Voraussetzung für die Aufhebung von Beschränkungen für Negativgetestete (Punkt 3) ist, dass jedem diskriminierungsfrei die Möglichkeit eröffnet wird, sich in regelmäßigen Abständen testen zu lassen. Voraussetzung ist eine durchdachte, praktikable und wirksame Teststrategie. Der Negativtest muss in einem manipulationssicheren und einheitlichen System festgehalten werden. Als System bietet sich hierfür die Luca-App oder aber eine Erweiterung der Corona-Warn-App um die Funktionen der Luca-App an.

 

2. Ein neuer Maßstab für die Aufrechterhaltung von Beschränkungen


Sobald die Gruppe der Menschen geimpft ist, die ein hohes Risiko haben, schwer an Corona zu erkranken oder zu sterben, ist es mit Blick auf die umfassenden derzeitigen Grundrechtseingriffe geboten, eine neue Risikoabwägung vorzunehmen und Risiken neu ins Verhältnis zu setzen. Wenn das Risiko schwer an Corona zu erkranken oder zu sterben drastisch sinkt, ist der starre Blick auf die Infektionszahlen und Inzidenzen nicht mehr angebracht.

Darauf zielt auch das OVG in seinem Urteil ab, indem es kritisiert, dass der eigentliche Grund für den Grundrechtseingriff – nämlich das Verhindern einer Überlastung des Gesundheitssystems – nicht mehr vorliegt und damit als Rechtfertigung nicht mehr gelten kann.


Dies entspricht auch der jüngsten Empfehlung des Ethikrates. Er empfiehlt einen neuen Indikator, der Hospitalisierungszahlen oder Zahlen schwerer Krankheitsverläufe und Todesfälle. Eine Möglichkeit wäre, die zwischenzeitlich akzeptierte Inzidenzzahl anzupassen an den Anteil der schwer erkrankten an allen Infizierten. Auch der R-Wert sollte in einem Indikatorenset einbezogen werden, um weiterhin ein unkontrolliertes Wachstum der Infiziertenzahlen auszuschließen.

 

3. Aufhebung von Beschränkungen bei Negativtest

Für Grenzgänger*innen gilt derzeit ein Negativtest als Einreisebedingung. Pendler*innen können sich bis zu viermal wöchentlich einem kostenlosen Schnelltest unterziehen, so wird sichergestellt, dass ihr letzter Test nie mehr als 48 h zurückliegt. Das kann als Vorbild für eine differenzierte Öffnungsstrategie dienen.
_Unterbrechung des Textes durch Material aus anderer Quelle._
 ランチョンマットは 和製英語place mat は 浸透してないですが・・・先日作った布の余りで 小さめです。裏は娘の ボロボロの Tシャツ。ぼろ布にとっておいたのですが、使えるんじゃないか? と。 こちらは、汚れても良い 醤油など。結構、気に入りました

Wer ein entsprechend negatives Testergebnis nachweisen kann, sollte Tätigkeiten wieder nachgehen können und beispielsweise wieder Restaurants, Kultur-Veranstaltungen, Kinos etc. besuchen dürfen.
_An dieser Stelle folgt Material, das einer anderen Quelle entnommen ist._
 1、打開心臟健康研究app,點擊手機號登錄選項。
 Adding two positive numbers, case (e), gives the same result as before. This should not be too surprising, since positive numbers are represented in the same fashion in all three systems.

Sobald umfassend nachgewiesen ist, dass auch von Geimpften kein oder nur ein minimales Risiko einer Infektion ausgeht, sollte auch eine Impfung als Nachweis für die Aufhebung von Beschränkungen gelten. Beides muss wie unter Punkt 1 beschrieben in einem einheitlichen, diskriminierungsfreien und manipulationssicheren System festgehalten und nachgewiesen werden.